**Goal of the exercise**
Could you transcribe exactly the lines below, from the line with "El proyecto está" through the line with "Splatfest (Pro) | ||", and nothing else, leaving out the pictures?

**Exercise input**
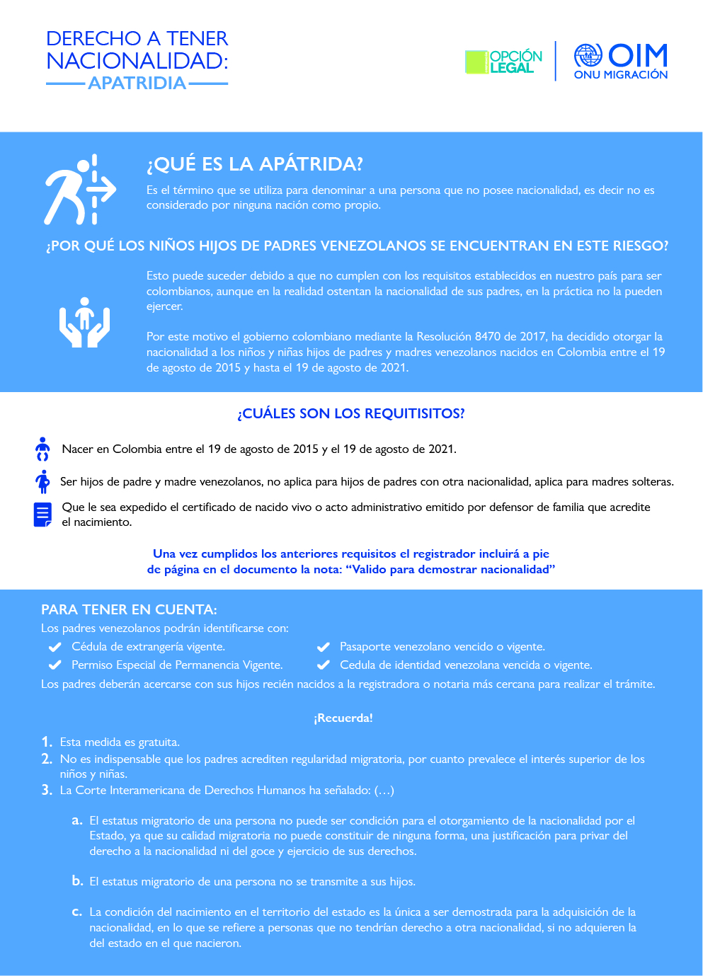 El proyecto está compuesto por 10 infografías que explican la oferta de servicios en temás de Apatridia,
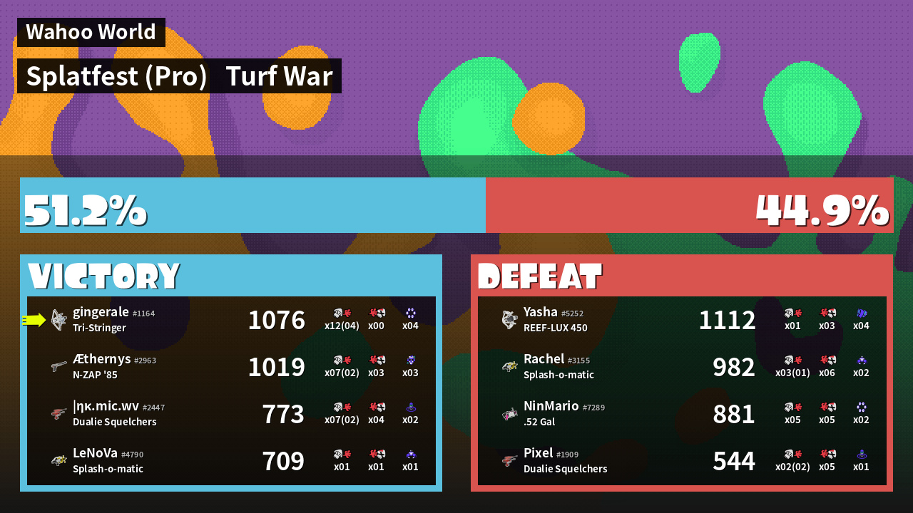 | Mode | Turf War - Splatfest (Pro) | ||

---

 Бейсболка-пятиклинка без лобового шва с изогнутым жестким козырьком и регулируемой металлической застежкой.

---

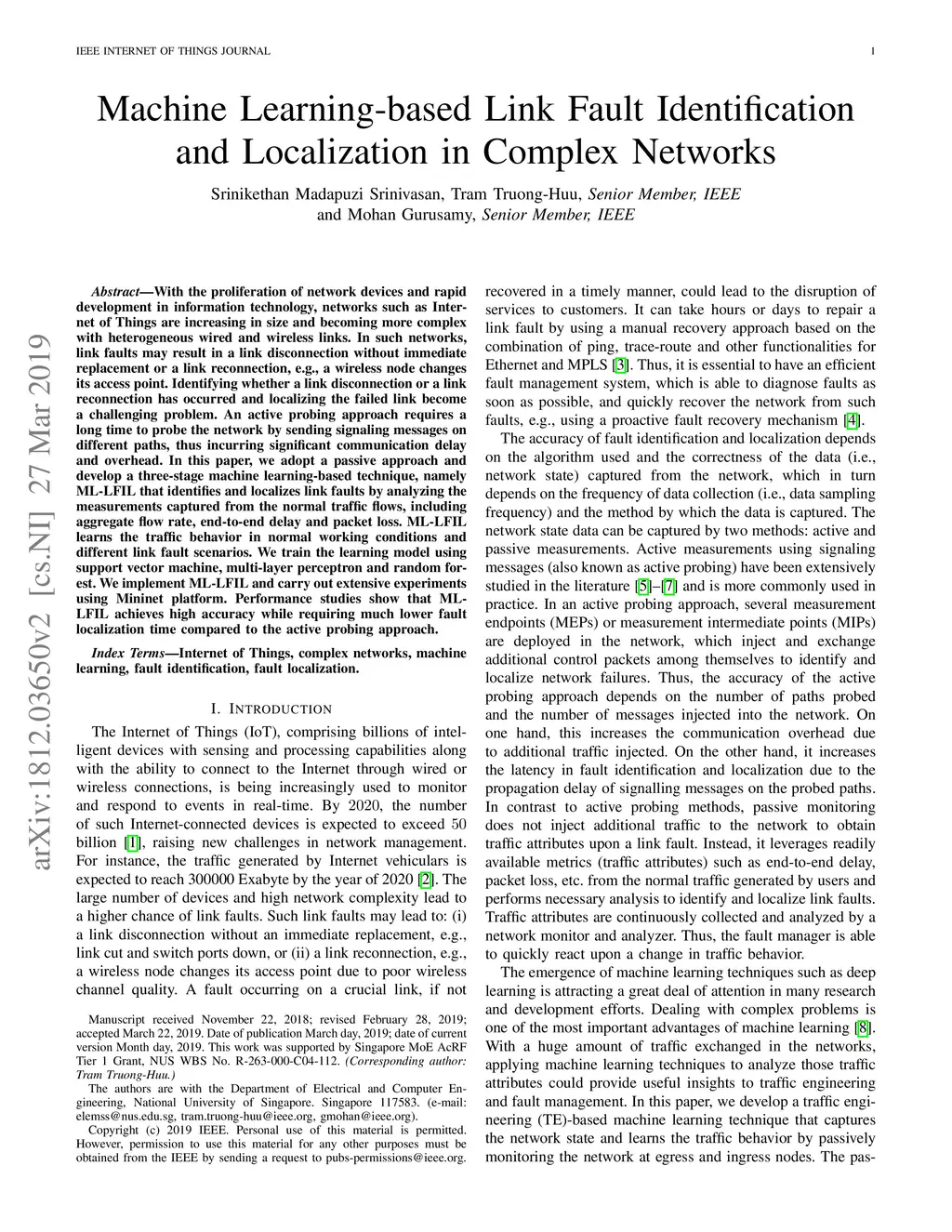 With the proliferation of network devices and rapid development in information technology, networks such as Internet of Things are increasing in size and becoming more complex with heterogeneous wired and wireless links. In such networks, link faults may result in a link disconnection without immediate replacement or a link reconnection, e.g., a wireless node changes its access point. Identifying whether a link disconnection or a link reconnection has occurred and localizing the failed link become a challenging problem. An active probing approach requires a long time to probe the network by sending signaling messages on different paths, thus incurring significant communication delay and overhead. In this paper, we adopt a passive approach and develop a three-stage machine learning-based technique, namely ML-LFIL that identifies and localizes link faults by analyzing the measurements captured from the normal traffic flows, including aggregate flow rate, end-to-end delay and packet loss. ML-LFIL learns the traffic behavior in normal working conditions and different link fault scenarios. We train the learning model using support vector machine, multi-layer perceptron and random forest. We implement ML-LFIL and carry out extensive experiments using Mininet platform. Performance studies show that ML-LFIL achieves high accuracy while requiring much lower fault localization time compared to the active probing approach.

**Finished exercise**
 El proyecto está compuesto por 10 infografías que explican la oferta de servicios en temás de Apatridia,
 | Mode | Turf War - Splatfest (Pro) | ||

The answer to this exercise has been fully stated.